Updated April 3, 2026

Written by NorthPeptide Research Team | Reviewed March 30, 2026






For laboratory and research use only. Not for human consumption.

Quick summary: Important: This article is a composite narrative. It’s based on published clinical trial data, publicly shared user reports, and the experiences described by participants in the retatrutide phase 2 trial.

Written by NorthPeptide Research Team

A Note Before We Start

Important: This article is a composite narrative. It’s based on published clinical trial data, publicly shared user reports, and the experiences described by participants in the retatrutide phase 2 trial. We did not invent a fictional person. Instead, we’ve assembled a realistic picture of what a typical retatrutide journey looks like based on real data. Every claim about weight loss, side effects, and timelines is grounded in published research.

Think of this as a “based on a true story” account — because the clinical data is the true story.

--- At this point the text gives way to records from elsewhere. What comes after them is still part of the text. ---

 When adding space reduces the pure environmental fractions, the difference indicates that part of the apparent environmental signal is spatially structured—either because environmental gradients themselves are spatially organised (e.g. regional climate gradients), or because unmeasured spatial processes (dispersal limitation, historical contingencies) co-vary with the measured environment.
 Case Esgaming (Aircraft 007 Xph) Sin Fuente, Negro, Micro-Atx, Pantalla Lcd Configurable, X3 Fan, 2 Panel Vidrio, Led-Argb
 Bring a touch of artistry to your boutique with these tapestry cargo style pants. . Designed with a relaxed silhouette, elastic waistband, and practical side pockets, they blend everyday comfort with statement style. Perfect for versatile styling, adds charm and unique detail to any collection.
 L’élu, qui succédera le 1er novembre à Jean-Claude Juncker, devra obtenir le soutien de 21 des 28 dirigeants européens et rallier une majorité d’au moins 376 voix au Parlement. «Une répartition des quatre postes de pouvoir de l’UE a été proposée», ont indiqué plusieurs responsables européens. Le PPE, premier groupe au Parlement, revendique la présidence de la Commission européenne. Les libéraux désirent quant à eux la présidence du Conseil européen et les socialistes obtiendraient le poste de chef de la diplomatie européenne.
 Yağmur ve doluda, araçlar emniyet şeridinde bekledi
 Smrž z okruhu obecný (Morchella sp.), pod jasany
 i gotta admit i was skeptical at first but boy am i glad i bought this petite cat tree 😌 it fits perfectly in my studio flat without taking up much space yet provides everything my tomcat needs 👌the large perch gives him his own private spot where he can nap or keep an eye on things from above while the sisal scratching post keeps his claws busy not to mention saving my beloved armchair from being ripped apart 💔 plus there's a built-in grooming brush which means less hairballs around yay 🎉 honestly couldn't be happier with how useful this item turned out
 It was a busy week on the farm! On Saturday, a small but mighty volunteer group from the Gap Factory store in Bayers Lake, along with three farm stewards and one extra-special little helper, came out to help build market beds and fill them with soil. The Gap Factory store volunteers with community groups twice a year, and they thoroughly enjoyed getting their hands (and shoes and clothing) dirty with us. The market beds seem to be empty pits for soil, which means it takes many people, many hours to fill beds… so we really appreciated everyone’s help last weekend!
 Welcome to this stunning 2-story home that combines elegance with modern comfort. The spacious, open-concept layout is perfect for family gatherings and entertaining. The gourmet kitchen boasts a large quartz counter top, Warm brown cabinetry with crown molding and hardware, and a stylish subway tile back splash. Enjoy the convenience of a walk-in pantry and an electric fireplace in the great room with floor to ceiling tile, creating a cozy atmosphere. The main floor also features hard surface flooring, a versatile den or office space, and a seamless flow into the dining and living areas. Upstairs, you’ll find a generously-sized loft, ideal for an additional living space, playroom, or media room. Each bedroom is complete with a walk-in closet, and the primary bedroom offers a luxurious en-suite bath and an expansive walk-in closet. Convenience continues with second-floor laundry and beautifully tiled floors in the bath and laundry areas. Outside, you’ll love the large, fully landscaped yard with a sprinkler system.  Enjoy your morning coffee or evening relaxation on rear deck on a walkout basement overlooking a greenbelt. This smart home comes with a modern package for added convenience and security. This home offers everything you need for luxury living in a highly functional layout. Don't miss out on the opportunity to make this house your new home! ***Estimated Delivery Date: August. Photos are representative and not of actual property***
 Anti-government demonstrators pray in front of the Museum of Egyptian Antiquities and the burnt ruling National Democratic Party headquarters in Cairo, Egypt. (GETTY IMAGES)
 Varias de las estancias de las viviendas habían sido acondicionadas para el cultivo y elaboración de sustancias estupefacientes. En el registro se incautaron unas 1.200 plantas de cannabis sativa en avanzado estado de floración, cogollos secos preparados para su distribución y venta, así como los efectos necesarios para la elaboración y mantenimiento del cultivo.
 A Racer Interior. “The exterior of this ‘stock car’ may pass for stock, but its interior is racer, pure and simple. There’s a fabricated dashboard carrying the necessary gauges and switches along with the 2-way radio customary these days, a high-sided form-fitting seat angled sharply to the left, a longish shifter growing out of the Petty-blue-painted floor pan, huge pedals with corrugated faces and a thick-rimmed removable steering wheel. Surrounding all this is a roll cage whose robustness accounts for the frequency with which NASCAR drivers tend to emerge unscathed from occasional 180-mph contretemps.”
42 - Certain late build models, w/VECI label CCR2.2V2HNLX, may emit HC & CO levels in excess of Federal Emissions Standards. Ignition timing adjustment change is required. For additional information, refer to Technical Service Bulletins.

Starting Point: 210 Pounds, Stuck

The typical retatrutide trial participant started with a BMI around 37 — which, for someone 5’8″, means roughly 210 to 230 pounds. They had tried dieting before. Exercise too. Maybe they’d lost 10 or 15 pounds, then gained it all back. Some had tried other weight loss approaches. Nothing stuck.

What made them try something new wasn’t a lack of willpower. It was the realization that willpower alone doesn’t override biology. When your body’s hunger signals are set to “always on,” fighting them every minute of every day is a losing battle.

Retatrutide works differently. It changes the signals themselves.

Week 1: The First Injection

The first dose is small — typically 2mg in the clinical trial. This is the ramp-up period, designed to let your body adjust before increasing the dose.

What the injection feels like: If you’ve never given yourself a shot, the idea sounds terrible. The reality is much less dramatic. Retatrutide is injected subcutaneously — meaning into the fat just under your skin, usually in the belly or thigh. The needle is tiny (an insulin syringe, 29 or 30 gauge). Most people describe it as a brief pinch, less painful than a mosquito bite. Within five seconds, it’s over.

What happens after: On the low starting dose, many people feel very little. Maybe a slight decrease in appetite. Maybe nothing at all. The most common first-week side effect is mild nausea, but at 2mg, many people don’t notice anything unusual.

Weight change: 0 to 2 pounds. Don’t expect fireworks in week one.

Weeks 2-4: The Appetite Shift Begins

As the dose increases (the trial protocol escalated every 4 weeks), something interesting happens. Hunger starts to change.

It’s not that food becomes disgusting or that you feel sick when you eat. It’s subtler than that. You eat a normal-sized meal and feel genuinely satisfied. You stop thinking about food between meals. That constant background noise of “what am I going to eat next?” goes quiet.

This is the GLP-1 effect at work. Retatrutide activates three receptors (GLP-1, GIP, and glucagon), and the GLP-1 component signals your brain that you’re full. Your stomach empties more slowly, so you stay satisfied longer.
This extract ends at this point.